POSITIVELY GOOD READS

The Help (2009)

by Kathryn Stockett

It took only two years for Kathryn Stockett’s first novel to be turned into a movie, so powerful is the story in The Help. Stockett, a native of Jackson, Mississippi, exposes the prejudices and ill treatment that members of Jackson’s affluent white society—in which she grew up—directed at their African American maids in the early 1960s.

The Help is a tale of courage on both sides of the color divide. It is a tale of crossing that divide at great risk to livelihood and well-being.

Aibileen and Minny are featured among the maids who endure their sorry situation—Aibileen stoically and Minny with enough sauciness to get her fired from some households. Skeeter, a white recent college graduate, wants Aibileen, Minny, and their friends to tell her their stories for publication. She intends to keep identities anonymous, but of course too-specific details would be a giveaway, and Skeeter’s being seen meeting with the black women would be cause for suspicion. So everything is done on the sly, maintaining suspense about whether one of these characters whom we come to not only admire but love might get caught and bring the rest down with her. The consequences could be ruinous not only for future employability but also for life and limb. The maids’ most despicable employer—and Skeeter’s former friend—has her suspicions that the book is set in Jackson; readers are unlikely to forget the secret that keeps her silent.

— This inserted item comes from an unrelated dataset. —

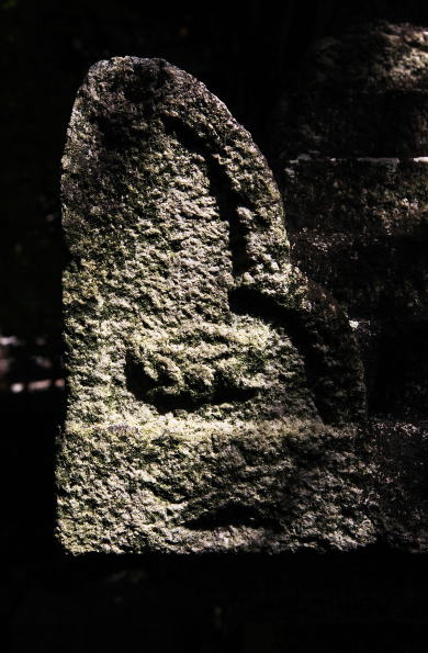 | 石塔は本堂の向かって右手、一段高くなった庭の片隅に立っている | 塔身、蓮華座上月輪内に胎蔵界四仏の種子を刻む(アー:開敷華王) |

Stockett’s characterizations could be more nuanced—the rich white women are hateful, the black maids heroic—and her book has been criticized for its focus on the single brave white woman. But if the book appeals mostly to whites, they’re the ones who need their eyes opened. If reading The Help reminds us of how far society has come in the half-century since the pre–Civil Rights era, the attention the book and the subsequent movie received may indicate how far we have to go yet.